**Listed entries:**
......
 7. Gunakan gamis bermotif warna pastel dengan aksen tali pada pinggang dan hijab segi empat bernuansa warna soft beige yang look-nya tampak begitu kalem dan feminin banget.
......
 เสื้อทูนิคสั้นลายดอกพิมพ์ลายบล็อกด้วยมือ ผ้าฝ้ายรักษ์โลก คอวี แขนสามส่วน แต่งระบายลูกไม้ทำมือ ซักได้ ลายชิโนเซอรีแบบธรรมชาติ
......
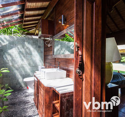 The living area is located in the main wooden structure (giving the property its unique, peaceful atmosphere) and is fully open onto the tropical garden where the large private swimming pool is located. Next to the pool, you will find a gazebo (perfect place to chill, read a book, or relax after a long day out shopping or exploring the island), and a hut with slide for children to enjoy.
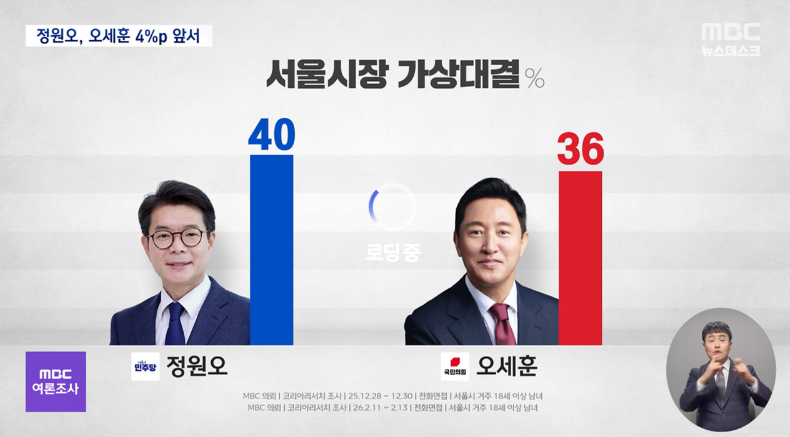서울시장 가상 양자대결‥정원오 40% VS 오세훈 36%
......
**What this task involves:**
Copy word for word the lines above, starting at the line containing "The living area" and ending at the line containing "서울시장 가상 양자대결‥정원오 40% VS 오세훈 36%", inclusive, with no pictures.

**Result of the task:**
 The living area is located in the main wooden structure (giving the property its unique, peaceful atmosphere) and is fully open onto the tropical garden where the large private swimming pool is located. Next to the pool, you will find a gazebo (perfect place to chill, read a book, or relax after a long day out shopping or exploring the island), and a hut with slide for children to enjoy.
서울시장 가상 양자대결‥정원오 40% VS 오세훈 36%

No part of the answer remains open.